■ **TASK DESCRIPTION**
In the records below, reproduce exactly the lines from the one containing "El encuentro también" through the one containing "I have a Ninja", both included, and omit the pictures.

··········

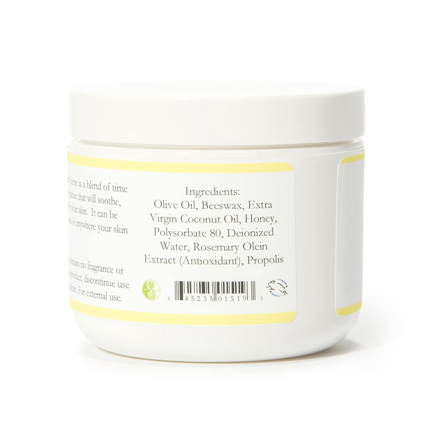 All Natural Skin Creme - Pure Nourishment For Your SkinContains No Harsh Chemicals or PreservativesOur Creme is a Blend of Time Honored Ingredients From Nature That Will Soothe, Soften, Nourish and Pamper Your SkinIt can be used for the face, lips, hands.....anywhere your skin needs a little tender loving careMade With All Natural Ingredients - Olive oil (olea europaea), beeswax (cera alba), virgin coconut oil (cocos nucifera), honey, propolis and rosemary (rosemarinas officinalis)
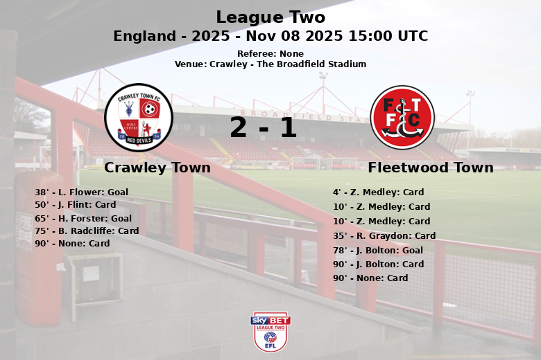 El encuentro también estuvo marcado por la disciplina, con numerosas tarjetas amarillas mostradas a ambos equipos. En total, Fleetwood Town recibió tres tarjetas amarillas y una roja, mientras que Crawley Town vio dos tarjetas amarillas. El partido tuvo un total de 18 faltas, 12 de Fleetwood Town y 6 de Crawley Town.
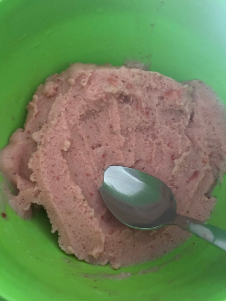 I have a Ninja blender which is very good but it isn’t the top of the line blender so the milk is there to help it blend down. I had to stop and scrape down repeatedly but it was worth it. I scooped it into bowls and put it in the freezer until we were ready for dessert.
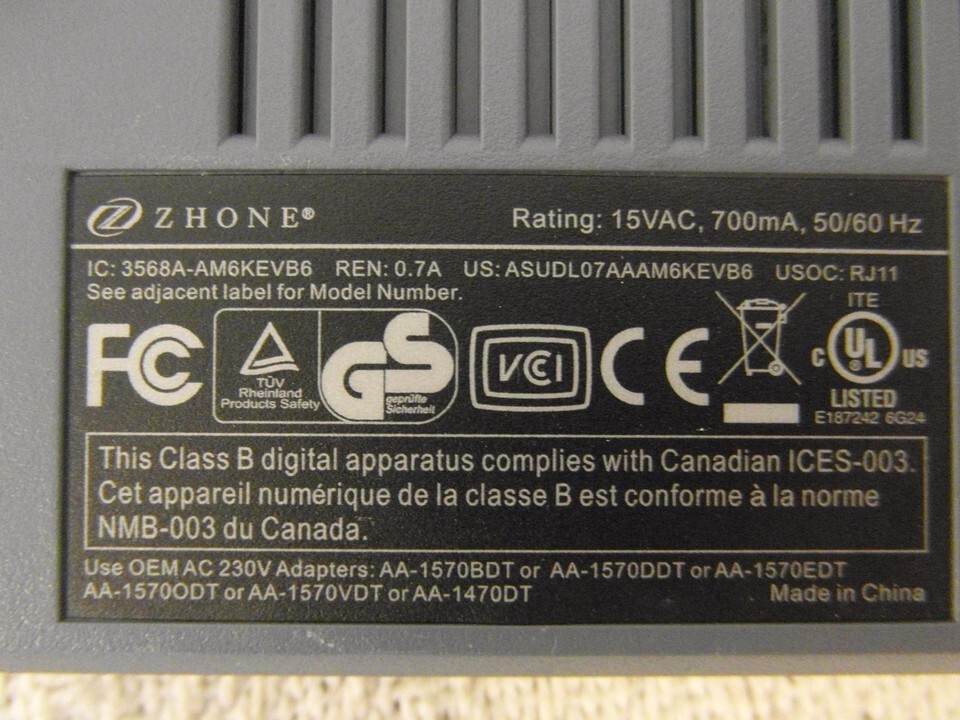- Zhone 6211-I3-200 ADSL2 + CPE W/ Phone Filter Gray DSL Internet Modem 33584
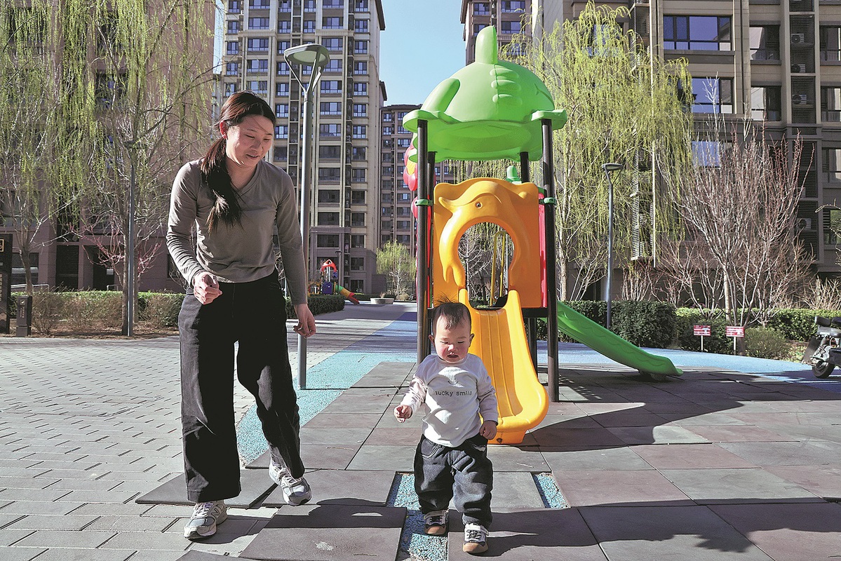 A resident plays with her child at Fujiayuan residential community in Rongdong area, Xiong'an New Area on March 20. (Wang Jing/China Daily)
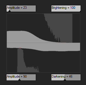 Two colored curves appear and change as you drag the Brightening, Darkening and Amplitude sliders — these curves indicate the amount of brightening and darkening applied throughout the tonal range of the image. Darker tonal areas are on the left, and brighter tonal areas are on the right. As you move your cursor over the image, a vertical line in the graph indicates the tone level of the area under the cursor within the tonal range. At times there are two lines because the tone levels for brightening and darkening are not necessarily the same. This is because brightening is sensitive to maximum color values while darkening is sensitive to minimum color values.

··········

■ **RESPONSE TO THE EXERCISE**
 El encuentro también estuvo marcado por la disciplina, con numerosas tarjetas amarillas mostradas a ambos equipos. En total, Fleetwood Town recibió tres tarjetas amarillas y una roja, mientras que Crawley Town vio dos tarjetas amarillas. El partido tuvo un total de 18 faltas, 12 de Fleetwood Town y 6 de Crawley Town.
 I have a Ninja blender which is very good but it isn’t the top of the line blender so the milk is there to help it blend down. I had to stop and scrape down repeatedly but it was worth it. I scooped it into bowls and put it in the freezer until we were ready for dessert.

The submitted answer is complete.